4.2 Assembling a genome

Today we will be using Flye, an assembler designed to work with long-read data. Flye has modes for Nanopore and PacBio long-read data, that take into account the characteristics specific to each data type. We will use the --nano-raw mode to pass just our Nanopore data (labelled ‘ont’).

Although genome assembly algorithms are complex, using an assembler is typically very straightforward.

We will be making a series of scripts today to run different processes. Let’s set up our directory structure so we can keep things tidy. We will store all our scripts in the scripts directory. We also need to make a results directory to put the outputs we will generate.

cd ~/obss_2022/genome_assembly/
mkdir results/
cd scripts/

Using ls we can see that there are already some files in this directory. Take a look in your data directory to see what input data you have been given.

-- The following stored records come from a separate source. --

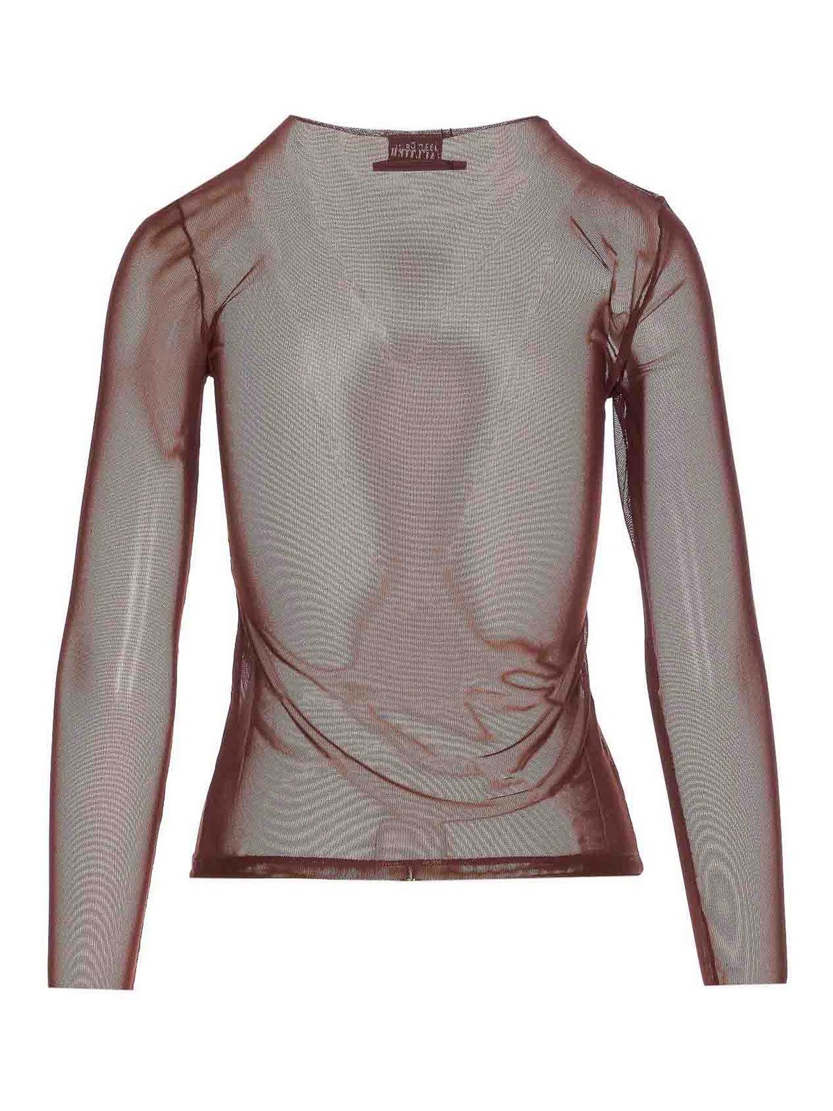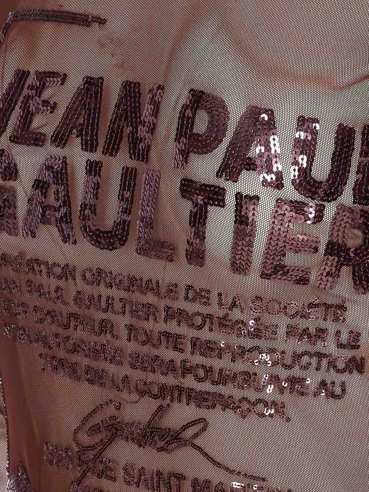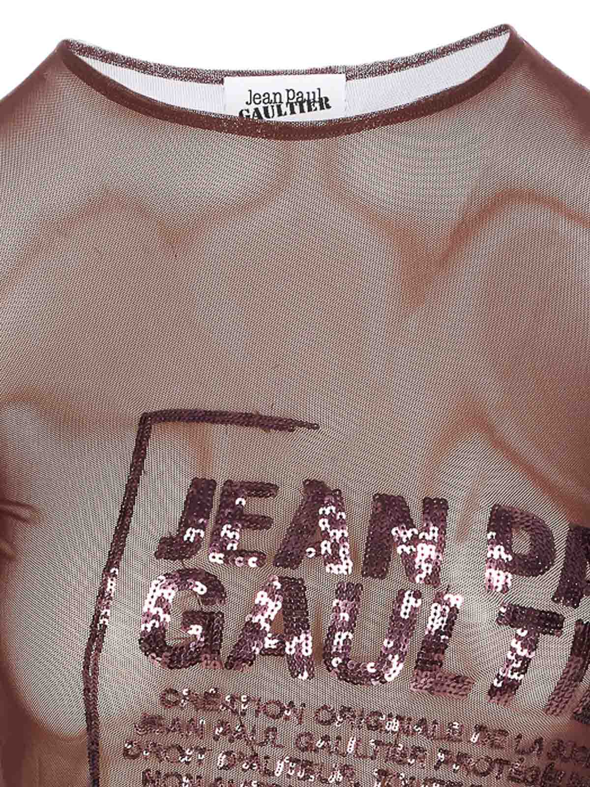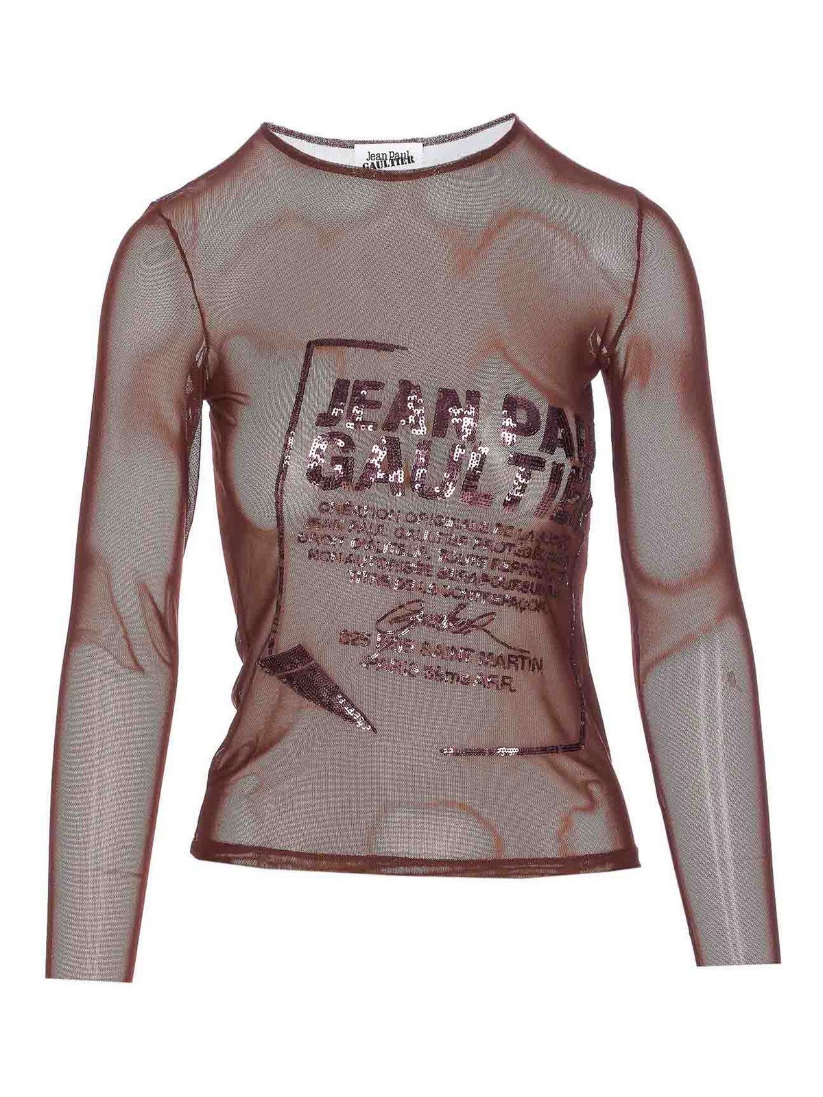 Jersey de malla burdeos con cuello redondo y cuello redondo de Jean Paul Gaultier, manga larga, logotipo de lentejuelas en la parte transparente Nombre del color del diseñador: rojo
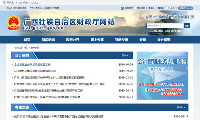 廣西壯族自治區(qū)財(cái)政廳會(huì)計(jì)管理專欄網(wǎng)站
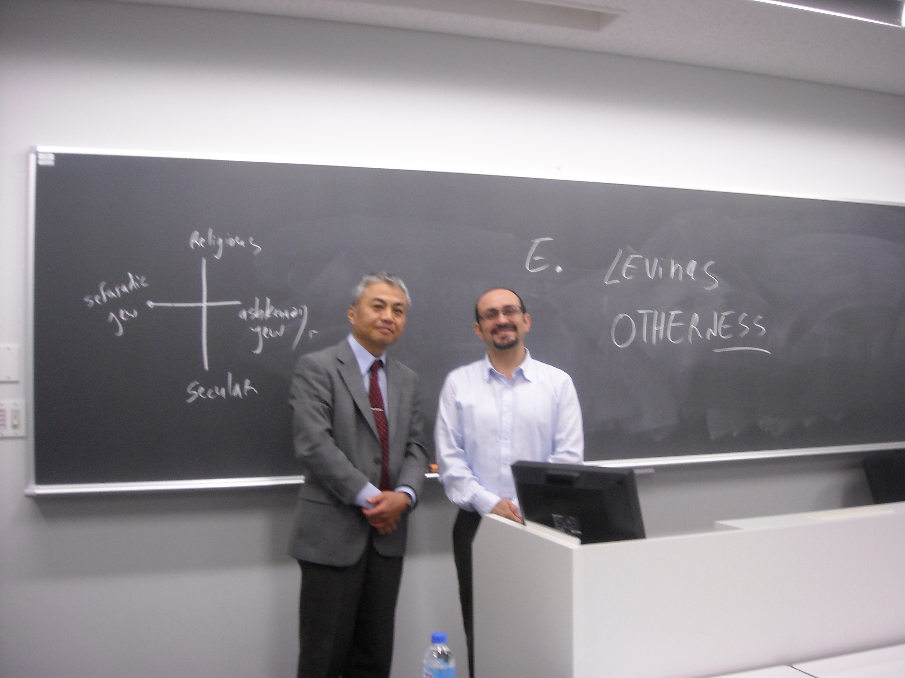 先日、星川先生の担当されている「異文化特別研究」の授業に、イスラエルから来日されているムアレム博士( Dr. Shlomy Mualem)が講演にいらしてくださいました。ムアレム博士はイスラエルのBar-Ilan Universityで比較文化を研究されていて、日本文化にも強い関心をお持ちです。
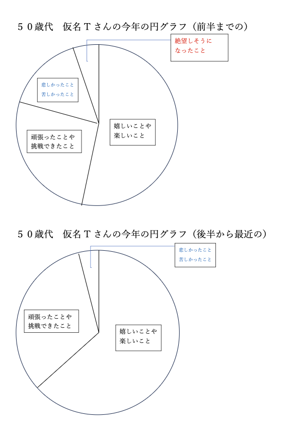 仮名Tさん 50代の今年の円グラフで「前半まで」と「後半から」の2つの円グラフです。
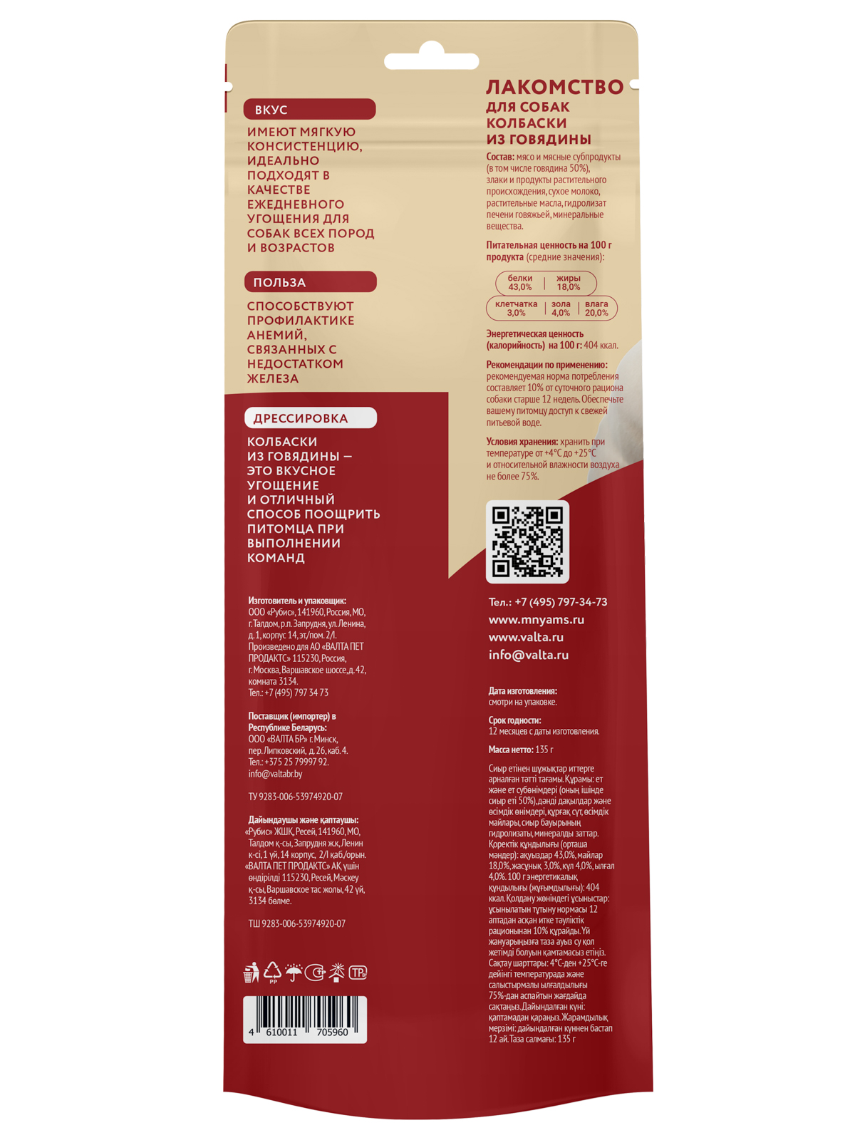 Состав: мясо и мясные субпродукты (в том числе говядина 50%), злаки и продукты растительного происхождения, сухое молоко, растительные масла, гидролизат печени говяжьей, минеральные вещества.
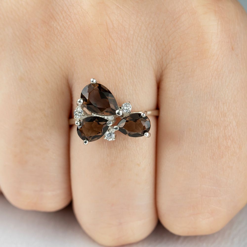 Серебряное кольцо с натуральным раухтопазом - коллекция Капель / покрытие Чистое Серебро. Средний вес украшения с камнями 3.1 гр. Месторождение: Раухтопаз (Дымчатый кварц) (м-ие Додо ХМАО, Россия) Ювелирные вставки: Раухтопаз (Натуральный) груша 6*9 мм., средний вес: 1.17 карат. Раухтопаз (Натуральный) груша 5*7 мм., средний вес: 0.63 карат. Все изделия собственного производства и имеют гарантию 12 месяцев. Арт. 8767AG. Раухтопаз – это разновидность кварца. Ранее он использовался в ювелирных украшениях, при вышивке картин, для магических ритуалов. Его влияние на владельца сразу становится заметно — человек успокаивается и становится рассудительным, легче выходит из депрессивных состояний. Часто использовался в приворотах, заговорах или для связи с миром духов.
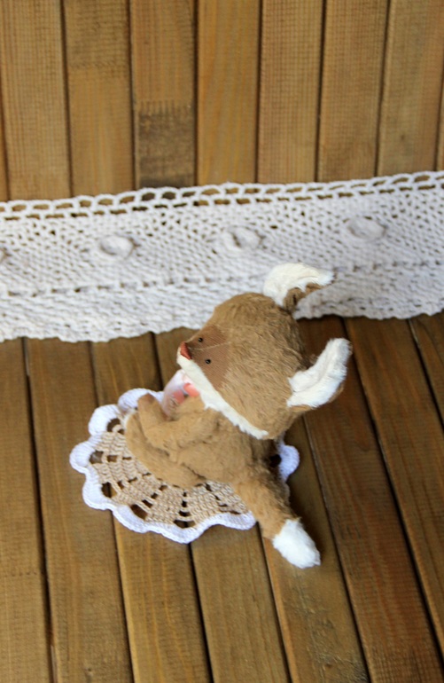 Как водится, набит опилками, утяжелен, немного состарен и тонирован чаем. Выкройка моя, ленты шелковые.
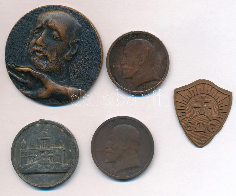 5db-os plakett, emlékérem tétel, közte Berán Lajos (1882-1943) 1925. "Jókai Mór 1825 - 1925 / A nagy mesemondónak hálás nemzete - Magyar Királyi Pénzverő" kétoldalas Br emlékérem (36mm) (2x), ~1920. "É.M.E. (Ébredő Magyarok Egyesülete)" Br plakett, "BERÁNN." gyártói jelzéssel (34,5x38,5mm) T:2-3-
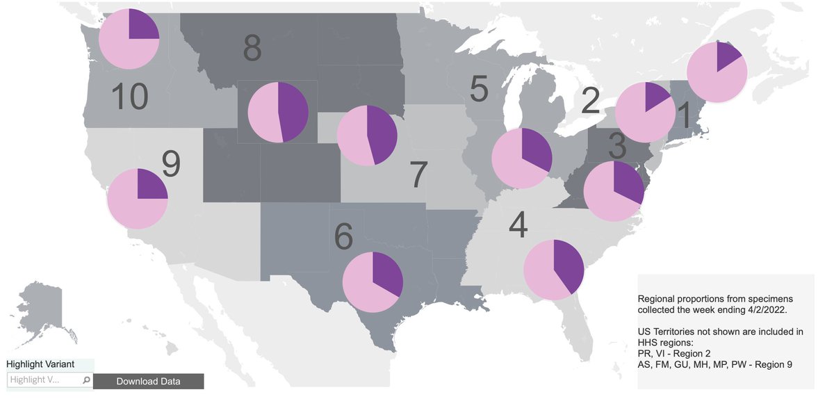 All regions of the US are well past 50% (dominant) BA.2 by sequencing/2
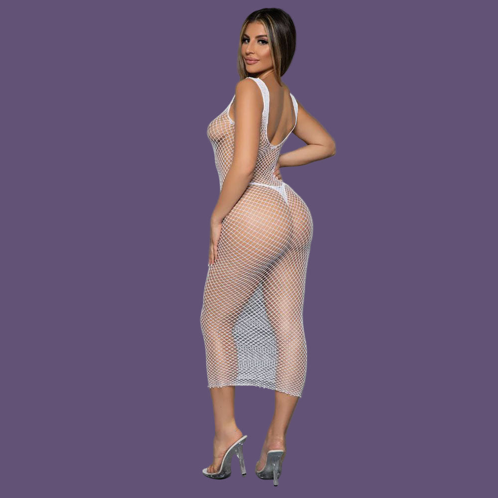 Turn every move into temptation in sheer white fishnet perfection. This bold maxi dress is made to captivate completely.

Now we will make our first script that will assemble a genome. To make a script, we will use a text editor called nano. Use the command nano flye.sl to open a new file called ‘flye.sh’ with nano. Now copy in the contents below:

#!/bin/bash -e

#SBATCH --job-name=FLYE
#SBATCH --account=nesi02659
#SBATCH --output=%x.%j.out
#SBATCH --error=%x.%j.err
#SBATCH --time=2:00:00
#SBATCH --mem=70G
#SBATCH --ntasks=1
#SBATCH --nodes=1
#SBATCH --cpus-per-task=32 

module purge
module load Flye/2.9.1-gimkl-2022a-Python-3.10.5

# Change * to your group's dataset
flye --nano-raw ~/obss_2022/genome_assembly/data/all_trimmed_ont_*.fastq.gz --out-dir ~/obss_2022/genome_assembly/results/flye_raw_* -t ${SLURM_CPUS_PER_TASK}

You may have noticed that in our data/ directory, there is more than one .fastq.gz file. We are going to be working in groups today. The letter you are assigned corresponds to one of these data files, so you need to replace the two wildcards in the script above with the letter your group is assigned.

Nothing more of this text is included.